ML for Science/Part III: Scientific Applications

Symbolic Regression

Discovering equations from data — from genetic programming to SINDy and the search for physical laws

Introduction

Symbolic regression is the task of finding a mathematical expression that best describes a dataset. Unlike standard regression, which fits parameters of a fixed functional form, symbolic regression searches over the space of possible equationsthemselves. This makes it uniquely powerful for scientific discovery: it can rediscover known physical laws and potentially find new ones.

While neural networks are powerful function approximators, they produce opaque black boxes. Symbolic regression produces interpretable, generalizable equationsthat scientists can analyze, verify against dimensional analysis, and use for extrapolation.

Key Topics

1. The Symbolic Regression Problem
2. Genetic Programming
3. Sparse Regression (SINDy)
4. Dimensional Analysis Constraints
5. PySR and Modern Approaches
6. Discovering Physical Laws

1. The Symbolic Regression Problem

Problem Statement

Given data $\{(\mathbf{x}_i, y_i)\}_{i=1}^n$, find a symbolic expression $f^*$ that minimizes:

$$\boxed{f^* = \arg\min_{f \in \mathcal{F}} \left[\sum_{i=1}^{n}(y_i - f(\mathbf{x}_i))^2 + \lambda \cdot C(f)\right]}$$

where $\mathcal{F}$ is the space of symbolic expressions built from a set of operations ($+, -, \times, \div, \sin, \cos, \exp, \log, \ldots$), and $C(f)$ is a complexity penalty (e.g., expression length) that promotes parsimony.

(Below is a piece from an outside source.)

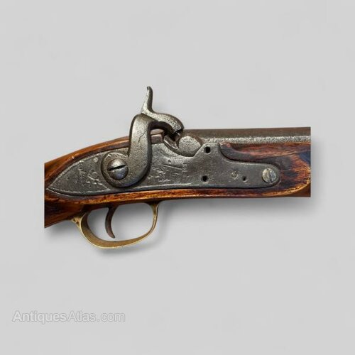 Walnut stocked iron barrelled blunderbuss converted from a flintlock to percussion, has brass furniture the steel ramrod may not be original. Fully working action engraved with a lion dated circa 1811. In good all round condition , signs of usage and wearA good decorative piece, not usable, 79cms length

This is an NP-hard combinatorial optimization problem. The search space is enormous: the number of possible expressions of length $L$ with $k$ operations grows as $O(k^L)$.

Expression Trees

Symbolic expressions are represented as expression trees:

Leaves: Variables ($x_1, x_2, \ldots$) and constants ($c_1, c_2, \ldots$)
Internal nodes: Unary operations ($\sin, \cos, \exp, \log, \text{abs}, \sqrt{\cdot}$)
Binary nodes: Binary operations ($+, -, \times, \div, \text{pow}$)

For example, $f(x) = \sin(2x) + x^2$ is a tree with "+" at the root, "sin(2*x)" and "pow(x, 2)" as subtrees. The complexity $C(f)$ is often the number of nodes.

Pareto Optimality

Instead of fixing $\lambda$, we seek the Pareto front of accuracy vs. complexity. An expression is Pareto-optimal if no other expression is both simpler and more accurate:

$$\text{Pareto front} = \{f \in \mathcal{F} : \nexists g \text{ with } \text{MSE}(g) \leq \text{MSE}(f) \text{ and } C(g) \leq C(f)\}$$

The scientist then examines the Pareto front and selects the equation at the "elbow" where accuracy improves sharply with a small increase in complexity.

2. Genetic Programming

Genetic programming (GP) is the classic approach to symbolic regression. It evolves a population of expression trees using bio-inspired operators.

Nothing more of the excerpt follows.